→ **What to do**:
Your task is to retype, exactly, the line containing "Thank you so" and every later line through the end of the listing, with pictures omitted.

→ **Available data**:
=== Begin Enclosure ===

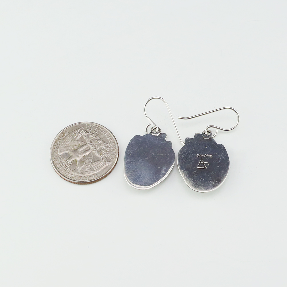 Zuni jewelry makers, Nancy and Sheldon Westika created these stunning earrings. Made out of sterling silver and inlaid with Henna Limestone and Turquoise. Zuni artists are known for their lapidary work. The Westikas have been making jewelry since the 1970’s and they are known for their fine inlay work. Weighs...
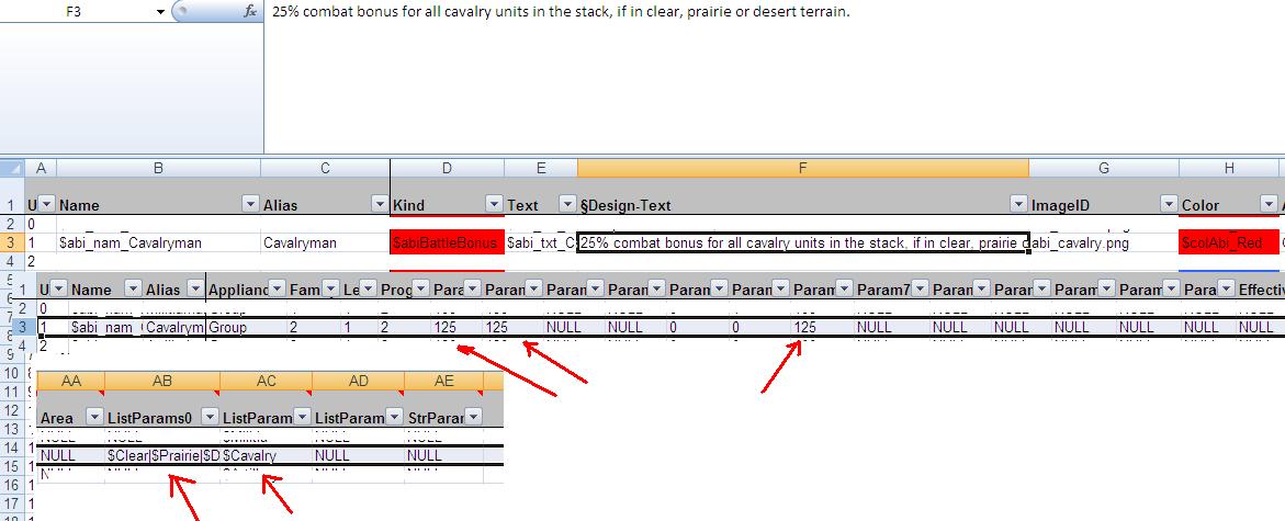 Thank you so far for your reply. Still, as the database cannot be downloaded I need to work with the txt.files and the editor. Painful, but the only solution. And the first lines in the ability-files (e.g. 1cavalryman.abi) are understandable. Problem are such fields like Family or ProgRate. Furthermore, how does the parser pick the right parameters when all the files are compiled? Example: Cavalryman Param0 = 125 - okay, I understand this field is explained down at the bottom with clear, prairie and desert - will probably mean movement bonus
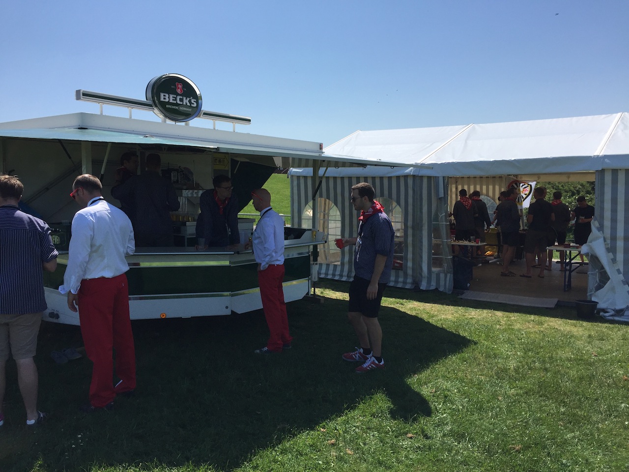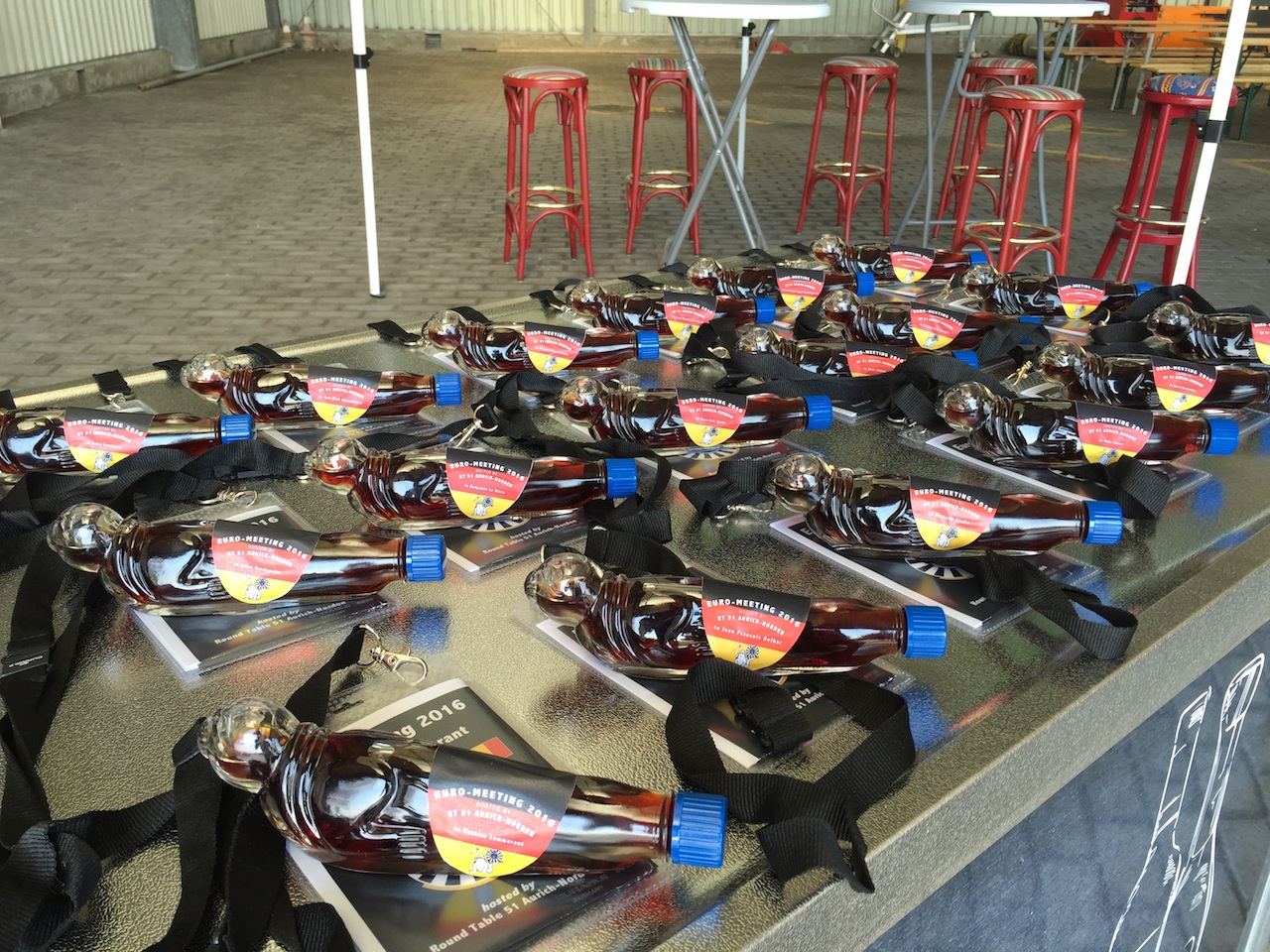 Es war von vornherein klar, dass die Vorbereitungen praktisch bis zum offiziellen Start andauern würden. Davon war ich leider auch nicht ausgenommen, hatte aber mit den Welcome-Packages, dem Bekleben der individuellen Schnaps-Seehunde und dem Ausdrucken der Namensschilder aber auch eine Aufgabe geerbt, die für unsere Gäste die erste Visitenkarte unserer Bemühungen darstellen sollte. Und so wurde ich mit gerade so fertig gewordenen Requisiten am Nachmittag abgeholt, um bei strahlendem Sonnenschein, leichter Bewölkung und erster Belohnung in flüssiger Form zur ersten Euro-Meeting-Destination gebracht zu werden.

=== End Enclosure ===

→ **Written response**:
 Thank you so far for your reply. Still, as the database cannot be downloaded I need to work with the txt.files and the editor. Painful, but the only solution. And the first lines in the ability-files (e.g. 1cavalryman.abi) are understandable. Problem are such fields like Family or ProgRate. Furthermore, how does the parser pick the right parameters when all the files are compiled? Example: Cavalryman Param0 = 125 - okay, I understand this field is explained down at the bottom with clear, prairie and desert - will probably mean movement bonus
 Es war von vornherein klar, dass die Vorbereitungen praktisch bis zum offiziellen Start andauern würden. Davon war ich leider auch nicht ausgenommen, hatte aber mit den Welcome-Packages, dem Bekleben der individuellen Schnaps-Seehunde und dem Ausdrucken der Namensschilder aber auch eine Aufgabe geerbt, die für unsere Gäste die erste Visitenkarte unserer Bemühungen darstellen sollte. Und so wurde ich mit gerade so fertig gewordenen Requisiten am Nachmittag abgeholt, um bei strahlendem Sonnenschein, leichter Bewölkung und erster Belohnung in flüssiger Form zur ersten Euro-Meeting-Destination gebracht zu werden.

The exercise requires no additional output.